Global perspective
Over the last decade, global academic research has shifted SRM from a largely transactional, price-driven
exercise toward a strategic set of collaborative practices, e.g., joint planning, information sharing, supplier
development, trust building, and shared performance measurement that aim to improve supply-chain outcomes
such as lead-time reliability, cost efficiency, flexibility, innovation, and resilience (Amoako-Gyampah et al.,
2019; Ho, Kumar, & Shiwakoti, 2020). Several empirical studies and systematic reviews show a positive
relationship between collaborative SRM practices and firm / supply-chain performance, and they highlight
mechanisms such as operational flexibility and information integration as important mediators of that
relationship (Amoako-Gyampah et al., 2019; Zhong et al., 2022). At the same time, recent work cautions that
collaboration is not automatically beneficial fit, and balance (for example, between internal and external
collaboration) and the maturity of collaboration practices matter for performance outcomes (Zhong et al., 2022;
Ho et al., 2020). (Amoako-Gyampah et al., 2019; Ho et al., 2020; Zhong et al., 2022).
African perspective
Research on SRM and supply-chain performance in Africa indicates similar positive links between supplier
collaboration and performance, but the magnitude and form of the benefits are strongly conditioned by local
institutional, infrastructure, and capability constraints (Amoako-Gyampah et al., 2019; ODI/AfCFTA analyses).

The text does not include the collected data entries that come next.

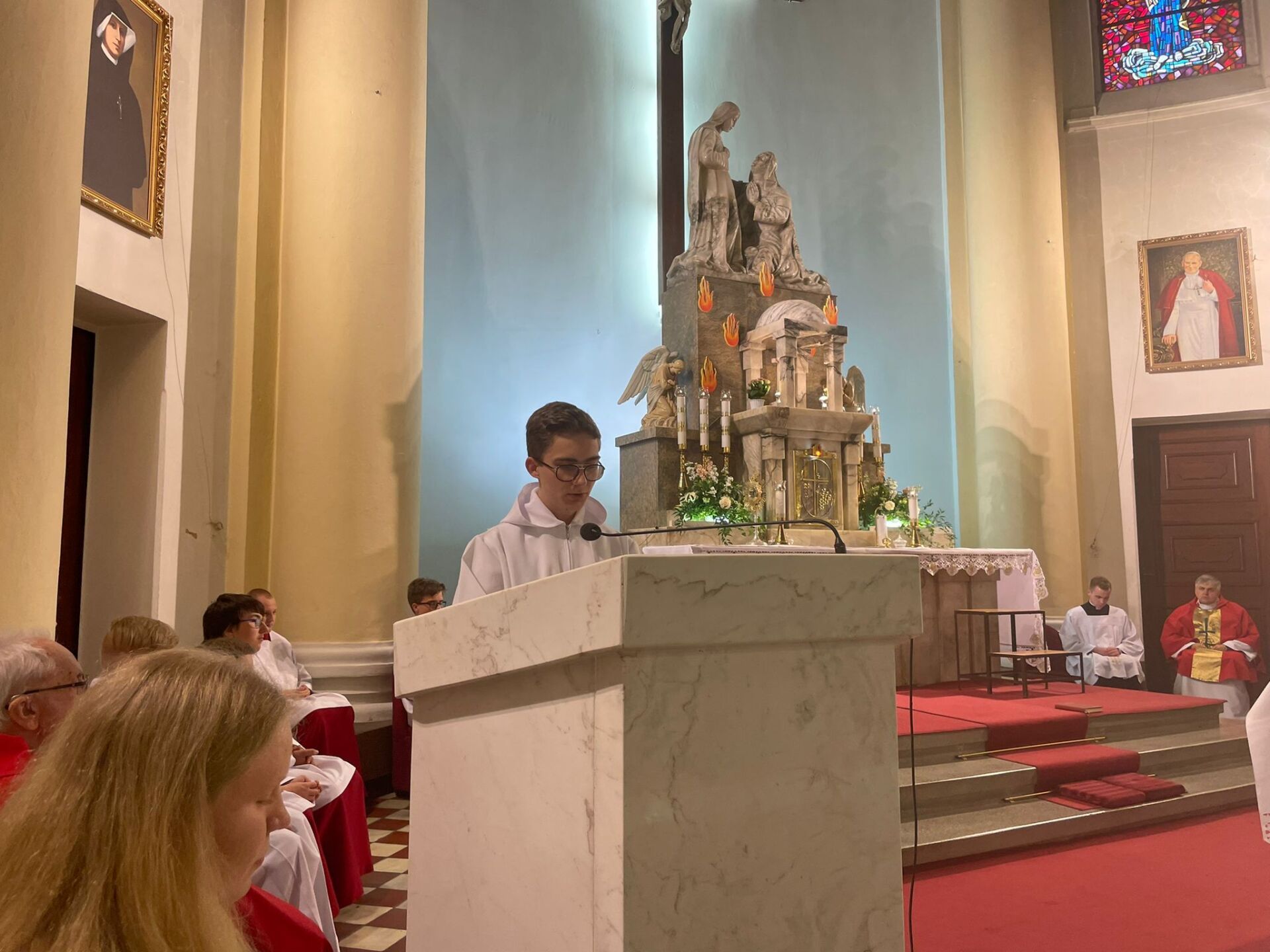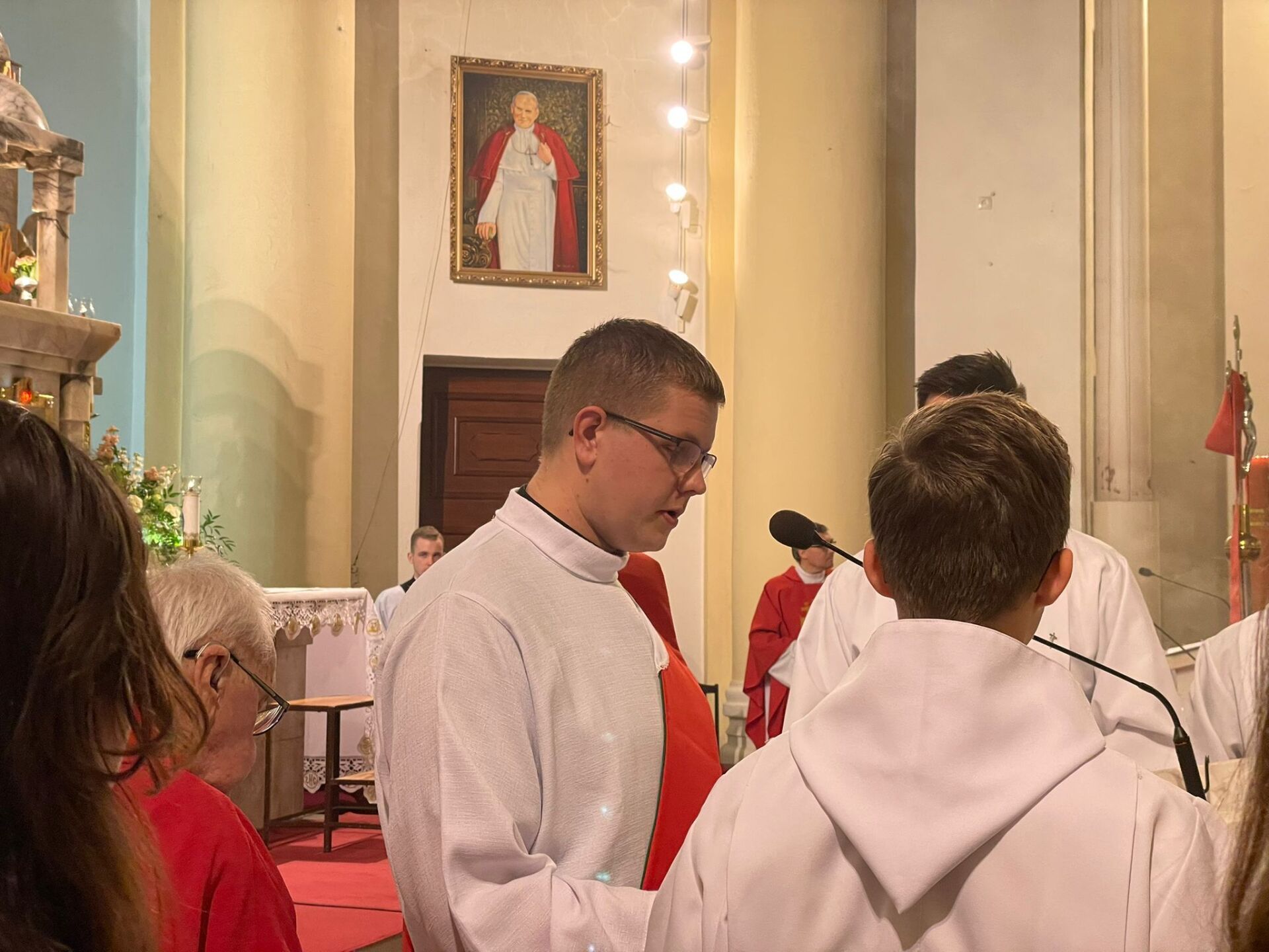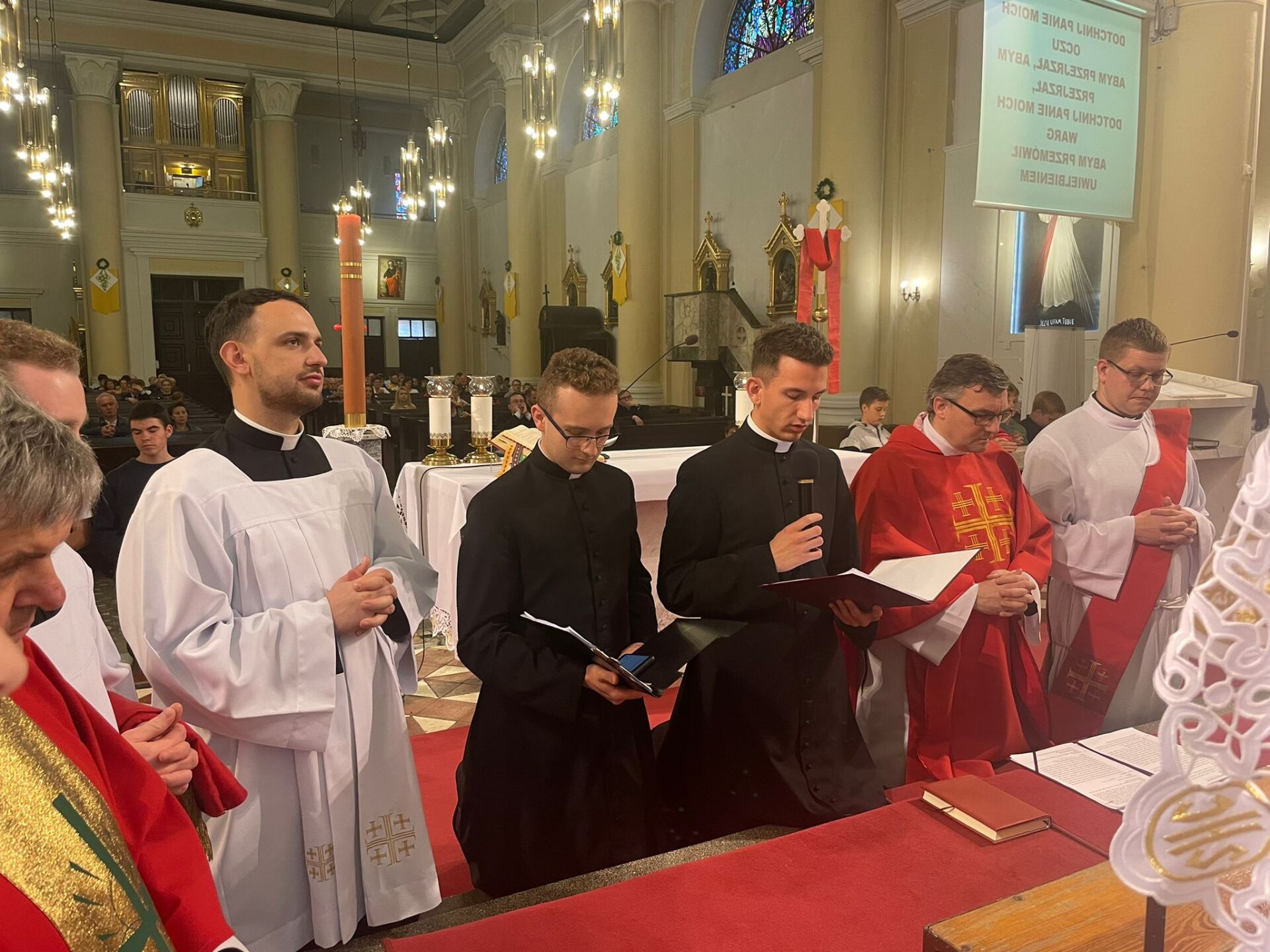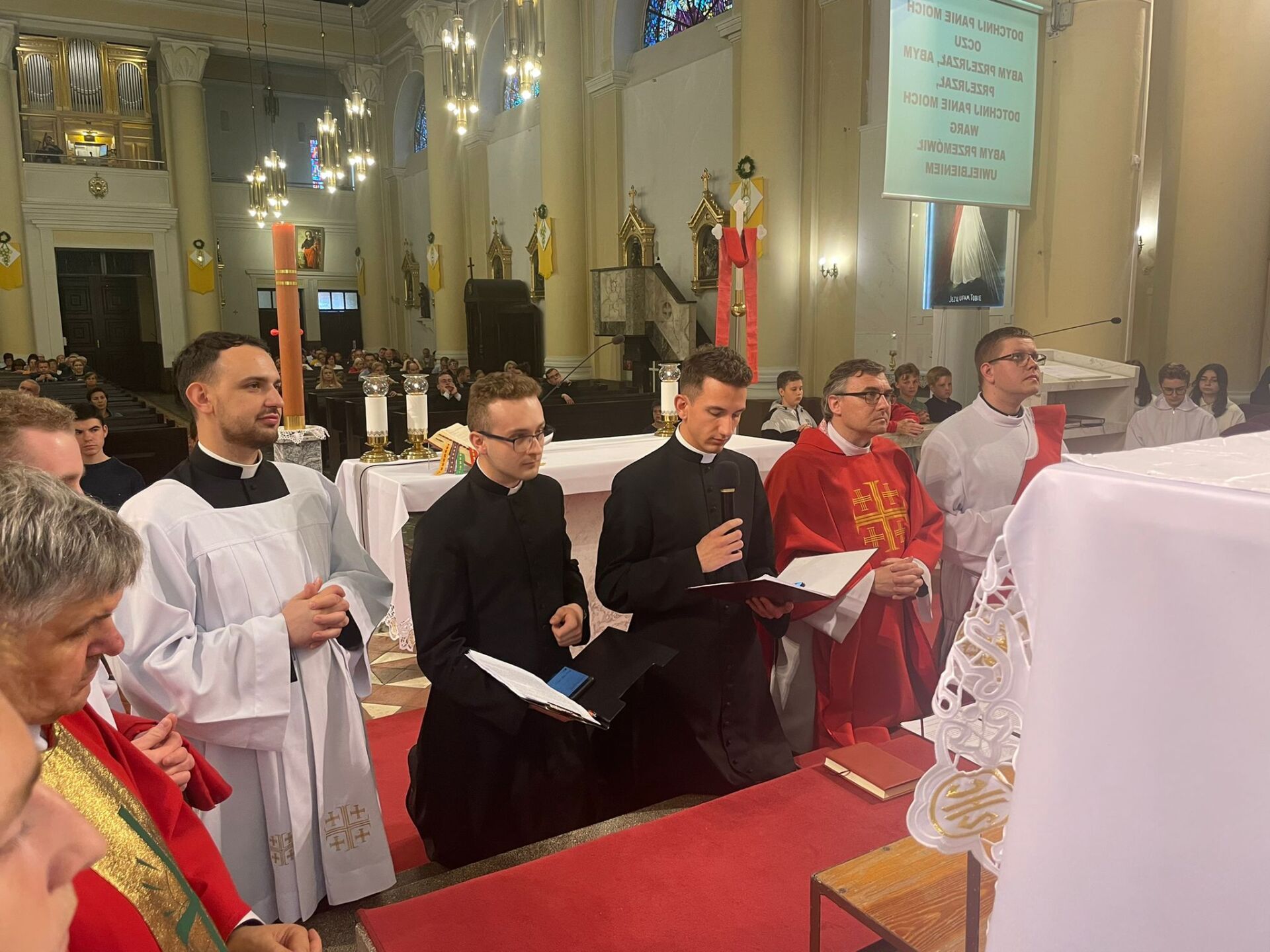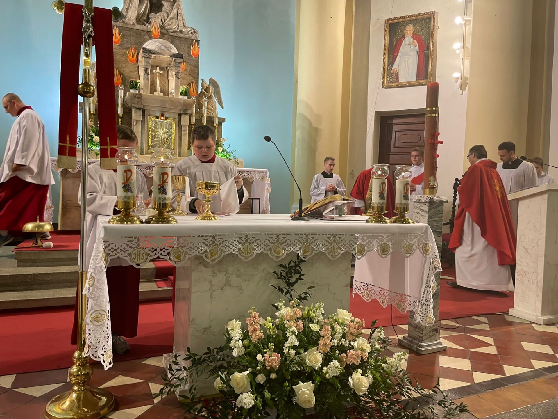 O godz. 17.30 przeżywaliśmy wspólnie z parafianami Eucharystię pod przewodnictwem ojca Łukasza, homilię natomiast wygłosił ks. dr Waldemar Graczyk- wicerektor ASD w Poznaniu. Msza Święta ubogacona była przez ministrancką asystę, która zjechała się z pobliskich parafii. Po zakończonej Eucharystii, pomodliliśmy się przed Najświętszym Sakramentem powierzając Panu Bogu sprawę nowych powołań do służby w Kościele.
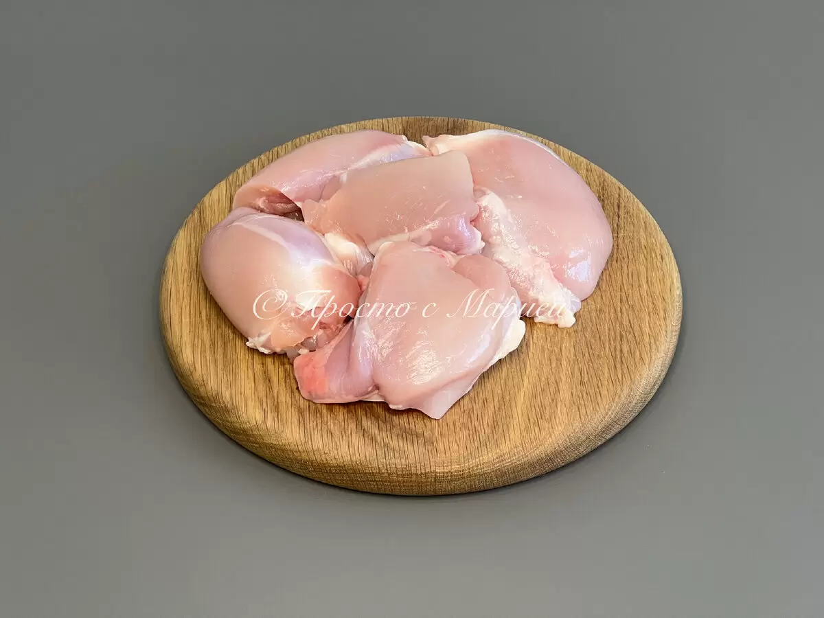 - Куриное филе (в данном случае бёдрышки) нарезать небольшими кусочками.
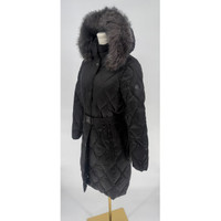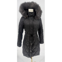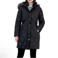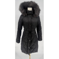 Zipper pockets at front Attached faux-fur-trimmed hood; stand collar; zipper closure with snap overlay at front Lined Removable belt Water resistant Machine washable Shell and lining: polyester; faux fur hood trim face: modacrylic; faux fur hood trim back: polyester; body and sleeve fill: down/waterfowl feathers; hood and collar fill: polyester Black in color Removable hood Size XS Measures 19" pit to pit Measures 37" in length New with tags $360
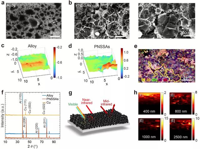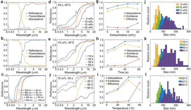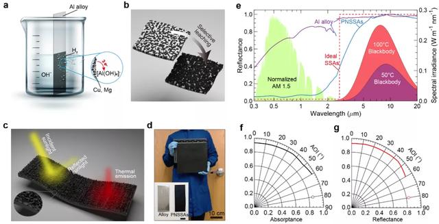 其中,圖 2g 和圖 2h,描述了太陽能吸收器的工作原理,具體來說銅的納米結構負責對太陽光進行高吸收,而銅的納米結構也具備對中紅外波段的高透性,底部鋁合金的基底則對中紅外波段具有高反射性。
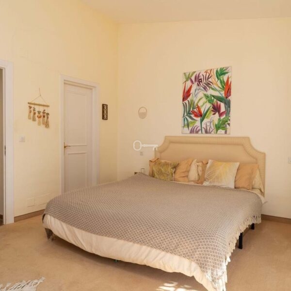 The property features two spacious bedrooms and two bathrooms, including a master bedroom with en-suite bathroom. Designed to maximize light and space, the home boasts high ceilings and a huge living room with a chimney, creating an open, airy but warm atmosphere that is both welcoming and impressive.

Studies that examine African value chains—particularly textiles and apparel find that improved buyer–supplier
relationships, supplier development, and information sharing are necessary to enable upgrading in the value
chain, increase local value-addition, and capture export opportunities; yet the sector is often hampered by poor
logistics, energy constraints and large imports of second-hand clothing which blunt domestic demand (Whitfield
& Triki; ODI, 2024). Thus, African studies highlight the contingent nature of collaboration’s benefits:
collaboration helps, but complementary public policy, logistics improvements, and supplier capabilities are
required for firms to realize performance gains. (Amoako-Gyampah et al., 2019; ODI, 2024).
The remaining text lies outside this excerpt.